Batman’s costume gets a bit of an upgrade a third of the way through, which looks more flexible, and his new cowl looks a little more sinister. In addition to the Tumbler, we’re treated to the Batpod, which is a motorbike with large wheels and built-in weapons – it’s awesome. Instead of the Joker being chemically bleached, he’s wearing messed up clown make-up over a Glasgow-smile, which make him look scruffier, scarier and crazier.

The Joker has always been Batman’s greatest enemy because he is his polar opposite – Batman wants to save the world and inspire goodness, the Joker wants to create chaos across the world and inspire corruption – Batman is dressed in black to blend into darkness and frowns to strike fear in his enemies, the Joker is dressed in all colours to stand out and is smiling to make evil look fun – just the perfect contrast.

This film can’t be talked about without mentioning the late Heath Ledger’s jaw-dropping performance as the Joker. What Ledger brought to the Joker was breath-taking, he’s incredibly frightening yet you can’t look away from him because of how engaging he is. Never have I been so fascinated by a villain and performance since Anthony Hopkins as Hannibal Lector in The Silence Of The Lambs. And like Hopkins, Ledger doesn’t actually have that much screen-time but he’s so powerful that he steals the show.

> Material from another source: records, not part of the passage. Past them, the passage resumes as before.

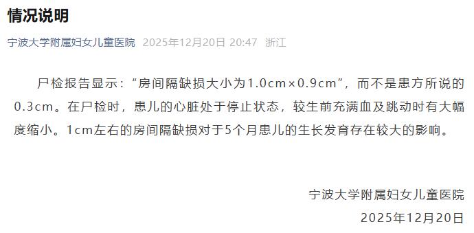 12月20日20时47分,“宁波大学附属妇女儿童医院”微信公众号发布情况声明: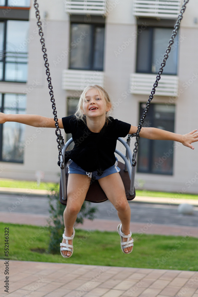 Carefree and happy little girl rides on a swing in the playground.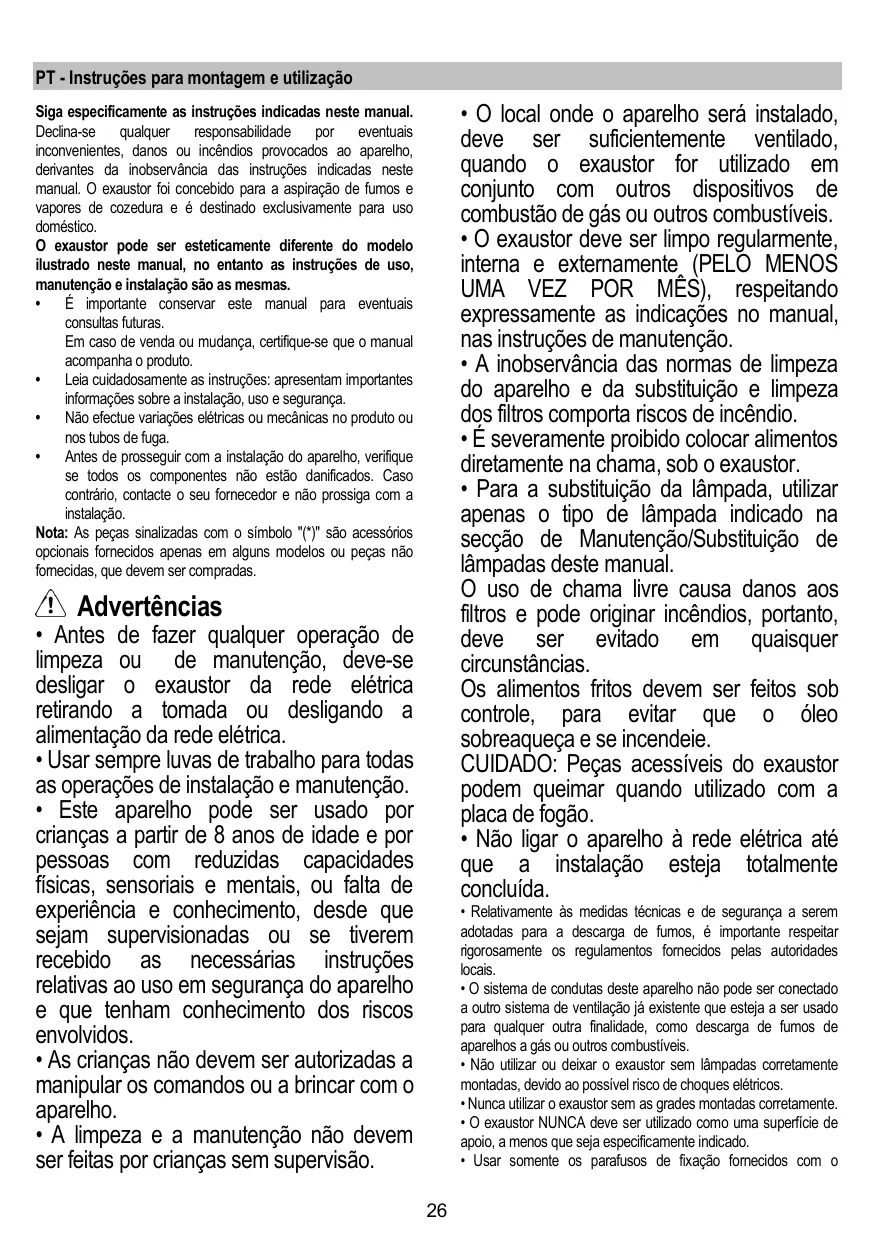 FR Notice de montage et mode d’emploi NL Montagevoorschriften en gebruiksaanwijzingen ES Montaje y modo de empleo PT Instruções para montagem e utilização EL ΟΔΗΓΙΕΣ ΣΥΝΑΡΜΟΛΟΓΗΣΗΣ ΚΑΙ ΧΡΗΣΗΣ • La hotte doit être régulièrement nettoyée à la fois à l'intérieur et à l'extérieur (AU MOINS UNE FOIS PAR MOIS); cela devrait se faire en conformité avec les instructions d'entretien. Le non respect des instructions expressément fournies concernant le nettoyage de la hotte et des filtres peut provoquer des risques d'incendie. • Ne pas flamber d’aliments sous la hotte. • Pour le remplacement de la lampe, utilisez uniquement le type de lampe spécifié dans la section remplacement/maintenance lampe dans ce manuel. L'utilisation d'une flamme nue est dommageable pour les filtres et peut causer un incendie, par conséquent, il est déconseillé de l'utiliser. La friture doit être faite avec soin afin de s’assurer que l’huile surchauffée ne prenne pas feu. AVERTISSEMENT: Lorsque la table de cuisson est en fonctionnement, les parties accessibles de la hotte peuvent devenir très chaudes. • Ne pas brancher l'appareil au réseau électrique avant que l'installation ne soit complètement terminée.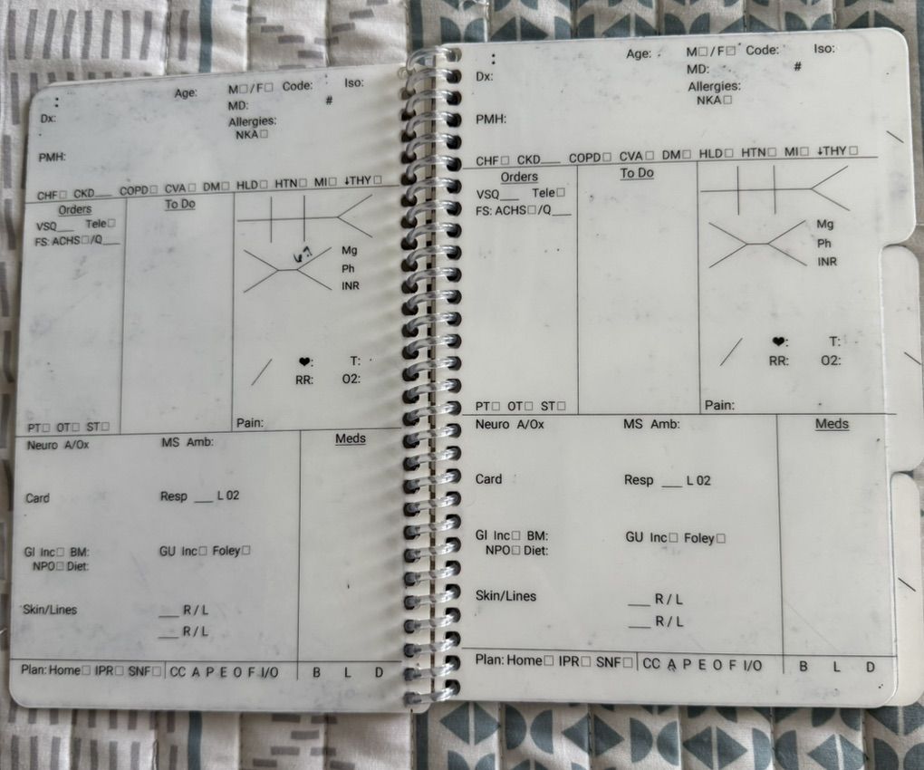 VenmoMed/Surg and PCU report book, by Moxie PRN. Cleans with alcohol pads, great condition. Comes with additional report pages. Retails for $38+ with additional pages.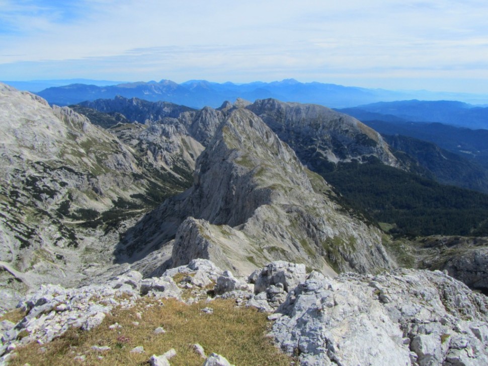 Z grebena sva brez težav povzpela na Mišelj vrh. Edino kar je motilo najino brezpotno samoto, je bilo nenehno hrumenje helikopterja, ki je letal gor in dol po Velski dolini. Letel je na relaciji Rudno polje- Dolič. In to najmanj 10 krat. Verjetno zato, ker je dostavljal vse potrebno za novo kočo na Doliču. Mišelj vrh je res pravi razglednik in ponuja odprte razglede na vrhove nad Fužinskimi planinami ter na Triglavsko skupino. Zadeve sem natančno poslikal saj mi te fotografije zanjo proti prav pri načrt0ovanju katere izmed naslednjih (brezpotnih) tur.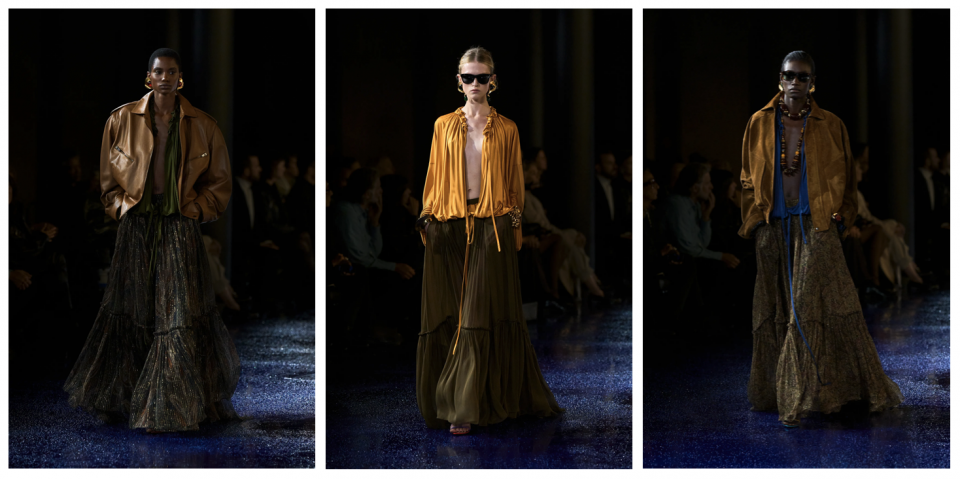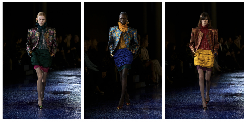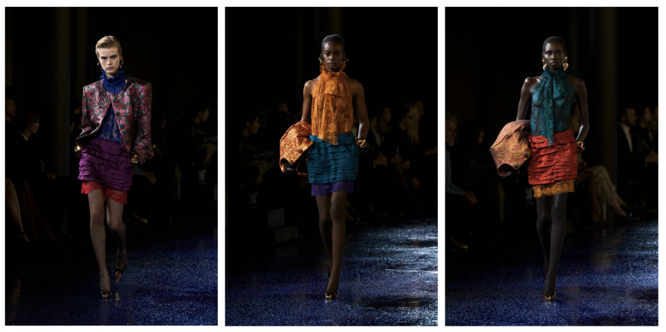 Anthony Vaccarello fez uma coleção não só inspirada no design de Yves Saint Laurent, como também na própria imagem do designer. Uma coleção “genderless”, andrógina, como tem prometido a maioria dos designers. Modelos desfilaram ternos, jaquetas de couro e muitos acessórios, carro chefe da marca. O estilo marroquino também foi usado, aquele que povoou a era do perfume Opium.

I do not believe his death heightened the popularity of the film; his performance would still be amazing; imagine if he was still alive and all the interviews and promotions he could’ve done. Not to mention the potential he could have had in future movie spin-offs – not that I want to take anything away from Joaquin Phoenix, but imagine Ledger leading a Joker movie. RIP Heath Ledger.

The rest of the cast are also incredible powerhouses – Christian Bale, regardless of what you think of his bat-voice, is still fantastic continuing Bruce Wayne’s journey. His struggle to lead the double life as a playboy billionaire and the masked vigilante, both of which aren’t even his true self as they’re just personas everyone else sees. The more he is Batman, the less he is of himself and this is Batman in his prime – he’s brutal, moody and awesome.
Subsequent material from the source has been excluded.